The Department of Police Services released a statement last week reminding the CSUN community how to recognize and handle suspicious mail and packages.
The statement was made on the heels of last week’s international mail bomb plot. It lists a number of traits that suspicious packages possess and asks that police services be notified immediately if a package possesses any of these traits.
“We are trying to stay ahead of the curve,” said Anne P. Glavin, chief of police. “People forget what the hallmarks of a suspicious package are.”
Although the numbers of suspicious package alarms are generally low, the Department of Police Services is paying particular attention to the campus mailroom, Glavin said.

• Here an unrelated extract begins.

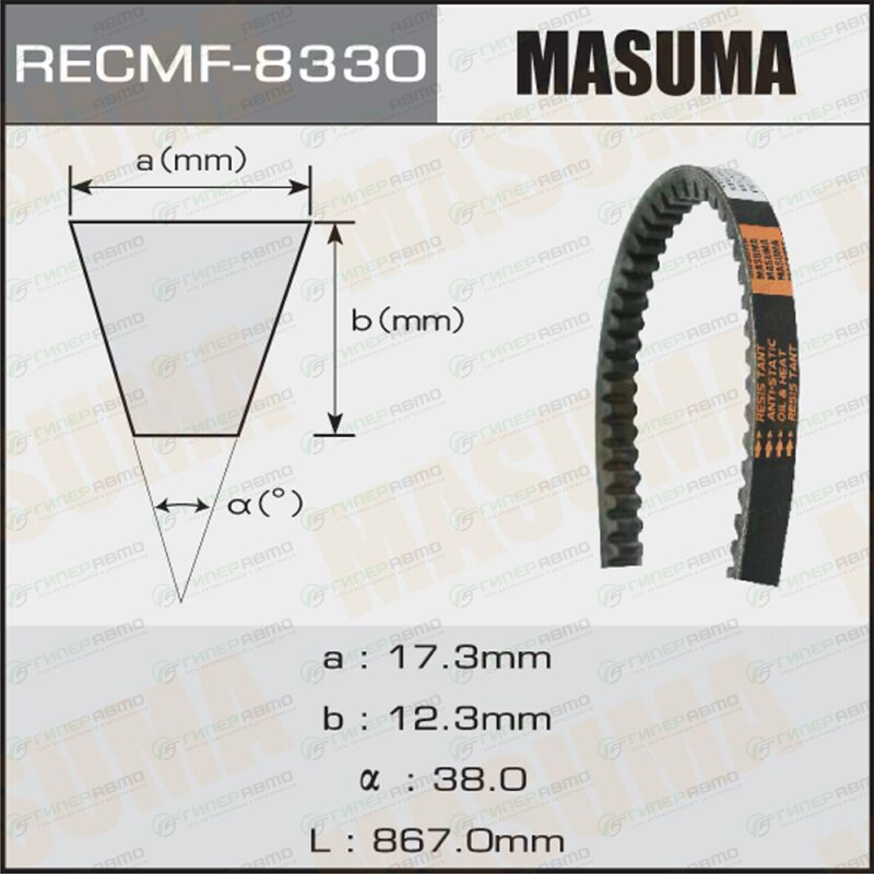 Вы можете купить ремень клиновый masuma 8330 в интернет-магазине приводных ремней Гиперавто. Цена на MASUMA 8330, описание, характеристики и фотографии.

About five years ago, the department invested in a device that scans small packages for parts that are essential to mail bombs, such as timers, batteries and electronic components, detective Dana Archer said. In a brief demonstration for the Daily Sundial, Archer showed how easy it is to use the Scanmail 10K. It lit up — indicating possible explosive material — when Archer ran through the machine a package designed to mimic a bomb.
If a package appears suspicious and sets off the Scanmail 10K, the K-9 unit’s bomb-detecting canine is called in, Archer said.
The bomb-detecting dog undergoes regular training and drills to keep its bomb-sniffing abilities sharp, Glavin said.
Should the canine determine that the package contains an explosive device, the matter is escalated to the LAPD, Glavin added. The LAPD’s bomb-squad is qualified to dispose of an explosive device, she said.
“Fortunately, when the K-9 unit gets a package, it turns out to be a big nothing,” Glavin said.
People usually worry about abandoned backpacks, she said.
“We get about a half dozen reports a year,” Glavin said. “It usually turns out that a student forgot where he left his backpack.”